My Uncle the Clown– fake book review, not on Goodreads

I didn’t finish any books this week, so no review. Not a real one, anyway. I think I’ll just go ahead and write a review for a book that doesn’t exist. I recently finished My Uncle the Clown, a zombie novel by Efram Kimbabwe. I don’t know what ethnicity Kimbabwe is, and I’m not even sure it matters. I do know that too often books are published because they have a certain ethnic voice, or a target ethnic audience, and they might be otherwise lacking in readability. Sort of an affirmative action for fiction, except instead of it being an attempt at giving people a chance to overcome centuries-old racial barriers, this is just an attempt at cashing in on itinerant chauvinism. As a middle aged middle class middle educated married white male with no children, I am only speaking from a position of jealousy and resentment.

And finally, a segue: jealousy and resentment are the main themes in My Uncle. What starts out to be simple survival-horror flipped on its head turns into a screed for how you don’t have to be molested to have a crappy childhood. I guess some people don’t know how good they’ve got it. Perhaps there’s a subtle message here, that they war between the haves and the have-nots was finally ended, with the haves getting what they’ve always had and the have-nots getting nothing but a voice. And so the language we all speak in is a language of deprivation. You can have all the comforts of a privileged life, you just can’t say you have it– you can only talk about what you don’t have.

Or something like that. I found myself glossing over the more philosophical sections of the book, trying to get to the juicy parts. I loved it when the main character stole his uncle’s clown uniform and dropped into the slave pens to look for his lost notebook. I accidentally read another review online that suggested this was an allusion to Daniel in the lion’s den. I don’t know anything about that. Daniel had something to do with the prophecy of the coming of Jesus, I think. And come to think of it, Kimbabwe does use the word “cross” a lot in that chapter, since the main character keeps moving around the slave pens, looking for his journal… and the whole time I was waiting for them to wake up, to go all Human on him, forcing him to go into zombie mode and eat one or two of them.

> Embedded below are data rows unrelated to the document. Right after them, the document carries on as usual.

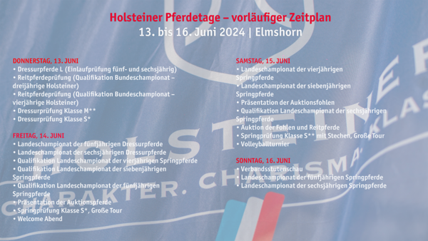 Hier wird Zuschauern so einiges geboten: Die Landeschampionate der vier- bis siebenjährigen Springpferde, der fünf- und sechsjährigen Dressurpferde sowie Qualifikationen zum Bundeschampionat für Reitpferde bereichern die Zeiteinteilung ebenso wie weitere hochkarätige Prüfungen in Parcours und Viereck bis zur schweren Klasse. Am Donnerstag, den 13. Juni, findet die Veranstaltung mit Dressurprüfungen und den Landeschampionaten im Viereck ihren Auftakt. Am Freitag, den 14. Juni, werden die ersten Qualifikationen der Parcours-Athleten ausgetragen. Am späten Nachmittag stimmen die Präsentation des Lots der Reitpferde-Auktion, ein S*-Springen und der Welcome Abend auf das vielseitige Wochenende ein. Am Samstagvormittag (15. Juni) werden nach spannenden Finalprüfungen die vier- und siebenjährigen Landeschampions geehrt und am Mittag gehört der Herbert-Blöcker-Platz den Auktionsfohlen, die sich live präsentieren, ehe am frühen Abend sowohl Reitpferde als auch Fohlen zur Versteigerung kommen. Nachdem der Abend wieder durch schweren Parcourssport abgerundet wird, tauschen die Sportler Reithosen gegen Shorts, wenn es im Volleyball-Turnier um Ruhm, Ehre und hochwertige Ehrenpreise geht. Am Sonntag, den 16. Juni, stehen die Holsteiner Stuten im Rampenlicht: Bei der Verbandsstutenschau wird Holsteins Beste aus der diesjährigen Eintragungstour auserwählt. Mit der Auszeichnung der „Holsteiner Stute des Jahres“ wird darüber hinaus eine besonders erfolgreiche Holsteinerin in der Zucht geehrt, die auch stellvertretend für die intensiv gepflegte Stutenbasis steht, auf die Holsteiner Züchter zu Recht so stolz sind. Im Anschluss machen die fünf- und sechsjährigen Springpferde ihre Landeschampions unter sich aus.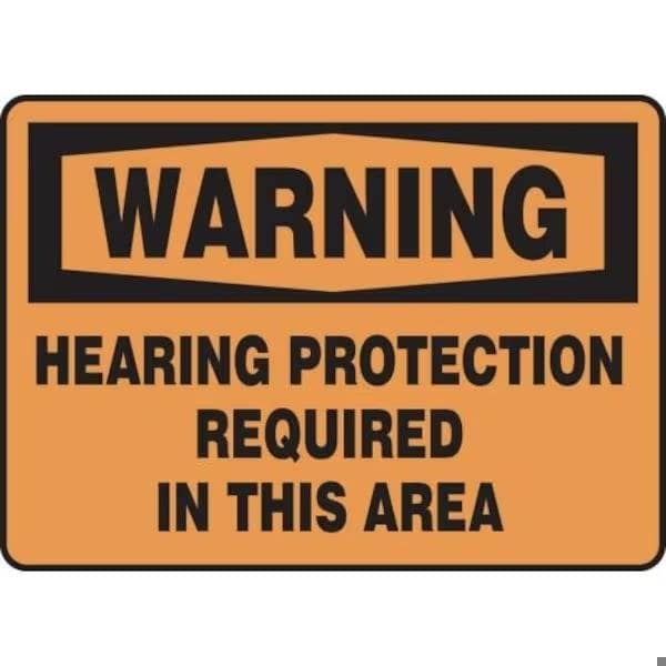 Accuform Warning Sign, Header WARNING, Text Legend, Legend HEARING PROTECTION REQUIRED IN THIS AREA, 6 mil Adhesive DuraVinyl, 7 in Height, 10 in WidthSafety Signs identify and indicate potential, type and degree of hazards that may lead to accidental injury or property damage Duallayered Adhesive DuraVinyl delivers exceptional flexibility and performance, outperforming standard vinyl Printed image is protected by a highgloss UV protective coating Adhesive DuraVinyl is durable, even in the toughest indoor and outdoor conditions and adheres to most smooth, curved and irregular surfaces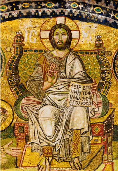 The Leo VI mosaic is fascinating because it is more complex than other mosaics in a certain sense. Not in its the quality of the mosaic itself in terms of artistic ability, but in terms of its identity and meaning. This mosaic is usually and probably correctly identified as Leo VI, also known as Leo the Wise” (Λέων ὁ Σοφός) who ruled from 886-912. It is located in the apse above the Imperial door, which is according to tradition made of wood from Noah’s Ark. In this mosaic, it has Christ enthroned in the middle. He has his right hand raised for blessing, and his left hand rests on his left knee holding a holy book. The inscription translates to “Peace to you, I am the light of the world.” On each side of Christ are two unlabeled portraits. One is clearly the Theotokos, and the other an unidentifiable Angel. The left side of the mosaic shows the Emperor Leo, in a prostrate position raising his hands towards Christ. The right side is unusually empty. The meaning of this work of art can be interpreted differently.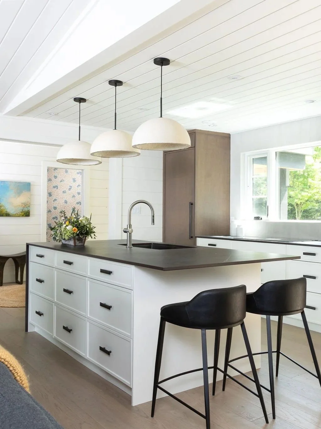 Interior design firm ACM Designs, envisioned the kitchen space to beautifully balance modern sophistication with organic warmth, weaving together natural elements and handcrafted artistry. Hovering over the kitchen island are three Hemi Pendants in Large, adding a soft golden glow to the room while illuminating an important task space.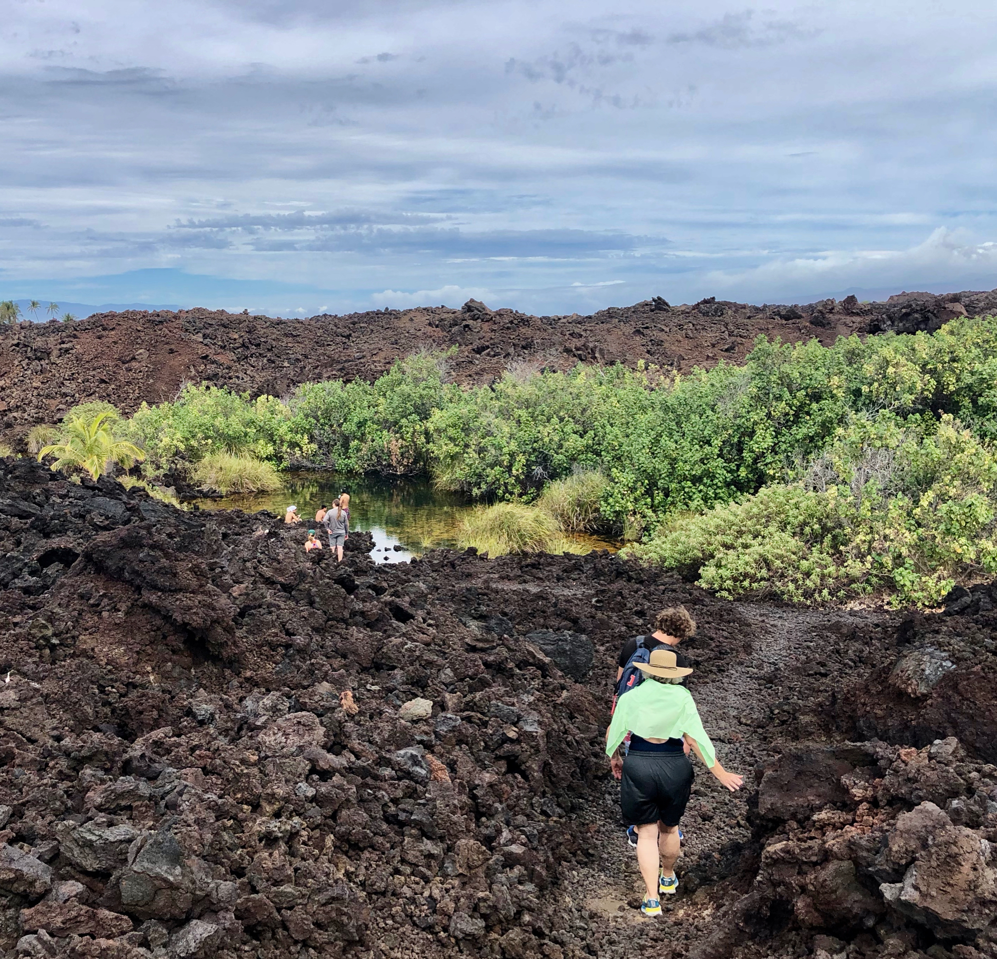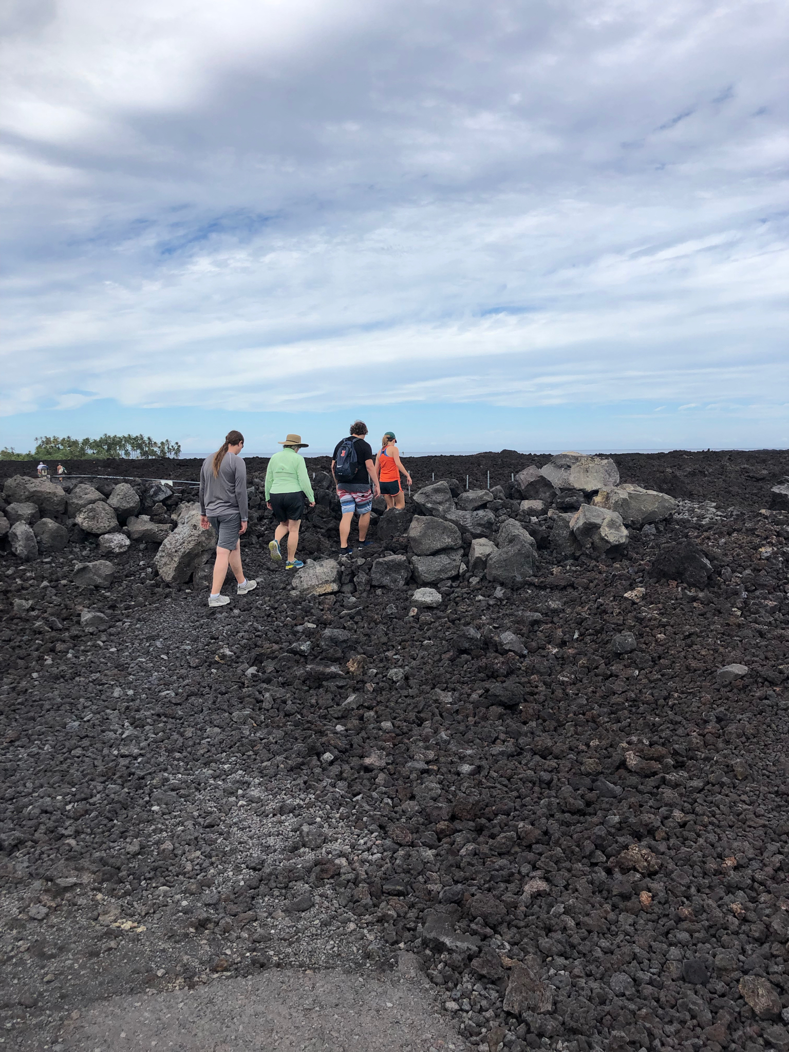 The hike back across the lava, seemed long, and we were glad to reach the starting point. You really do get tired of walking on the rocks. We had neglected to follow our own advice and bring enough water.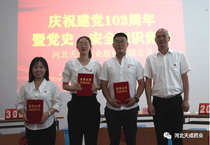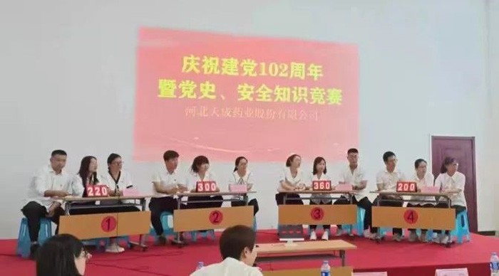 守望初心勇?lián)?dāng),篤定前行綻芳華 | 河北天成藥業(yè)開展慶祝建黨102周年優(yōu)秀黨員及先進(jìn)黨小組表彰大會(huì)暨主題黨史及安全知識(shí)競(jìng)賽活動(dòng)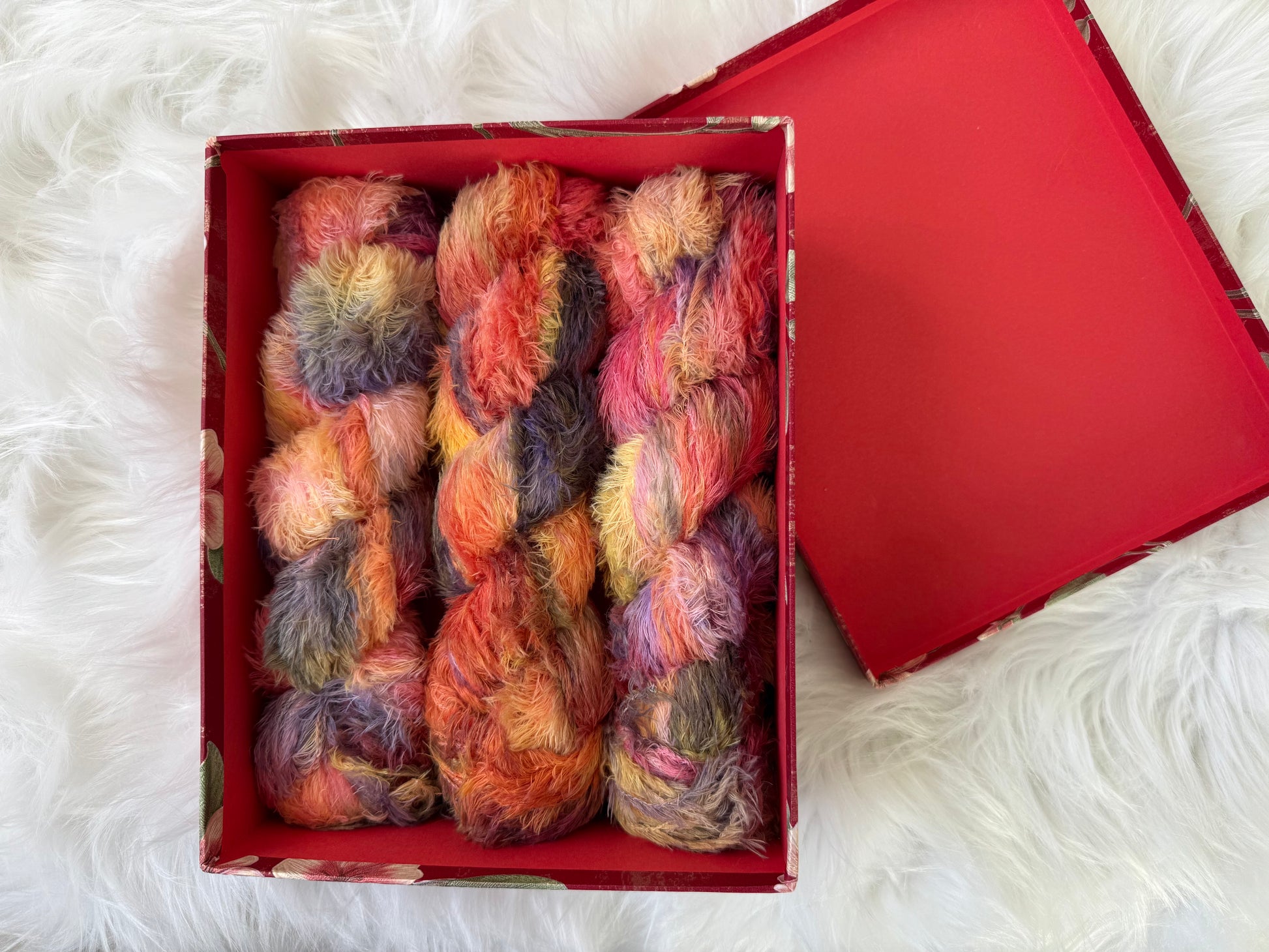 Hand dyed yarn 🔥 Colour: “Sunset Carnival” from the Dream Fuzz collection

I won’t give away if he does or not. I’ll just say that it occurs to me now that more than one person has pointed out the whole Jesus/Zombie connection, and now I’m thinking I need to go back and re-read this book. But I probably won’t. I mean, even if it turns out to have been a work of utter genius, I don’t speak genius very well. Genius is seeing things that aren’t there anyway, right? And while I can read into things with the best of them, I went to Barnes and Noble today and took pictures with my cell phone of some books I’d like to sample, not to mention that I promised a friend I’d read Barney’s Version as way to apologize for making unfounded assumptions about the movie that was based on the book itself.

None of which has anything to do with whether you should read My Uncle the Clown or not. On the one hand, of course you should. Kimbabwe’s prose is a bit clumsy in places, like he was too eager to get his ideas down without bothering to take the time to properly contextualize what he was saying in a consistent manner– but not so often that it becomes a problem. It’s not a distraction, and you can sort of get used to it (not unlike what one character says about eating brains: you get used to it. You don’t learn to love it, but you get used to it).

On the other hand, no, of course you shouldn’t read it, the book doesn’t exist. I made it up as an excuse to write, a fake review, to get my 750 words done for the day. Kimbabwe might even be your favorite writer of all time, but you still shouldn’t read this book. Kimbabwe himself doesn’t even exist. I just took the name Efram Zimbalist, changed it to Zimbabwe, then changed that to Kimbabwe. Who was Efram Zimbalist? And actor, I think. I’m probably spelling his name wrong. I think his daughter or granddaughter was the other main character on that show Remington Steele.

Which reminds me: if you do read My Uncle the Clown, the scene with the zombie 007 is hilarious. 3/5 stars.